# PROBLEM TO SOLVE:
Your reply should be the whole listing, copied exactly, with the pictures left out.

# DATA PROVIDED:
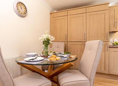 Glass table with seating for four people
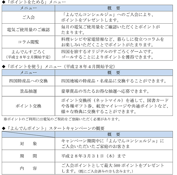 四国電力の会員制Webサービス「よんでんコンシェルジュ」※1に入会の顧客を対象とした「よんでんポイント」サービスを開始する。
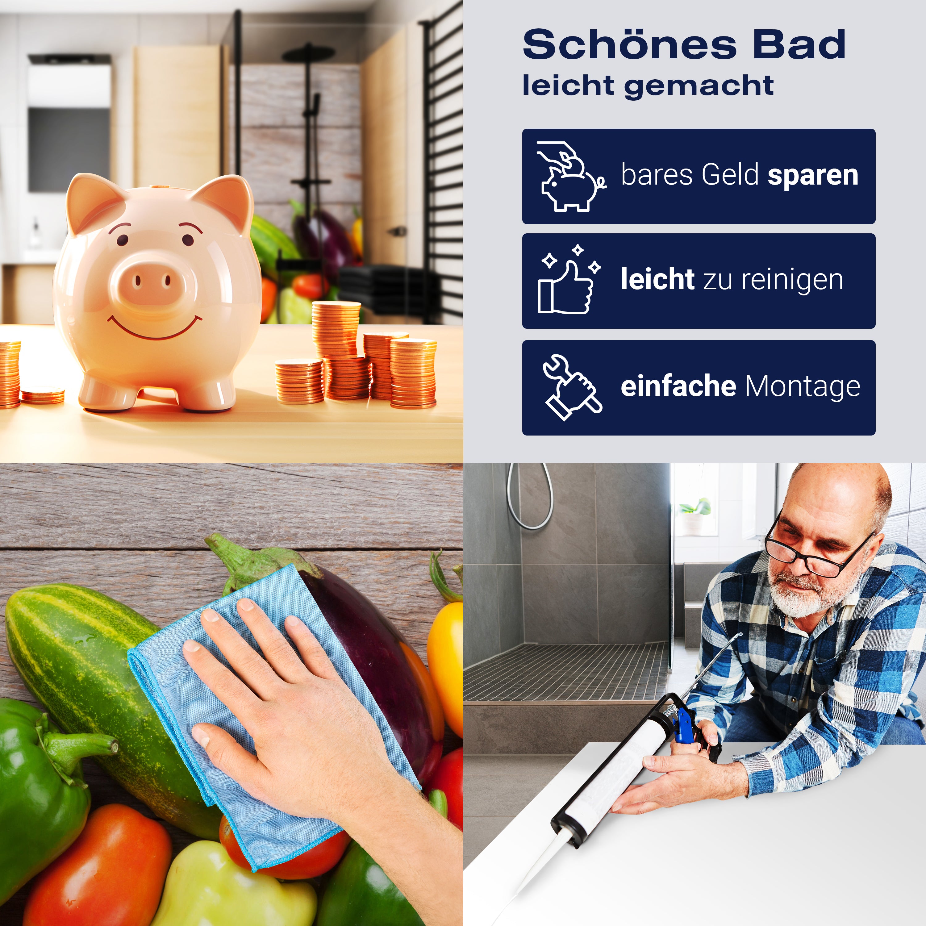Diese Materialien bieten im Vergleich zu traditionellen Fliesen mehrere Vorteile. Sie haben eine fugenlose Oberfläche, was bedeutet, dass sie weniger anfällig für Schimmelbildung und leichter zu reinigen sind, da sich Schmutz und Kalk nicht in Fugen festsetzen können. Darüber hinaus ermöglichen sie eine schnelle und einfache Renovierung, da sie direkt über bestehenden Fliesen montiert werden können, was Zeit und Kosten spart

# RESULT FOR THIS EXERCISE:
 Glass table with seating for four people
 四国電力の会員制Webサービス「よんでんコンシェルジュ」※1に入会の顧客を対象とした「よんでんポイント」サービスを開始する。
Diese Materialien bieten im Vergleich zu traditionellen Fliesen mehrere Vorteile. Sie haben eine fugenlose Oberfläche, was bedeutet, dass sie weniger anfällig für Schimmelbildung und leichter zu reinigen sind, da sich Schmutz und Kalk nicht in Fugen festsetzen können. Darüber hinaus ermöglichen sie eine schnelle und einfache Renovierung, da sie direkt über bestehenden Fliesen montiert werden können, was Zeit und Kosten spart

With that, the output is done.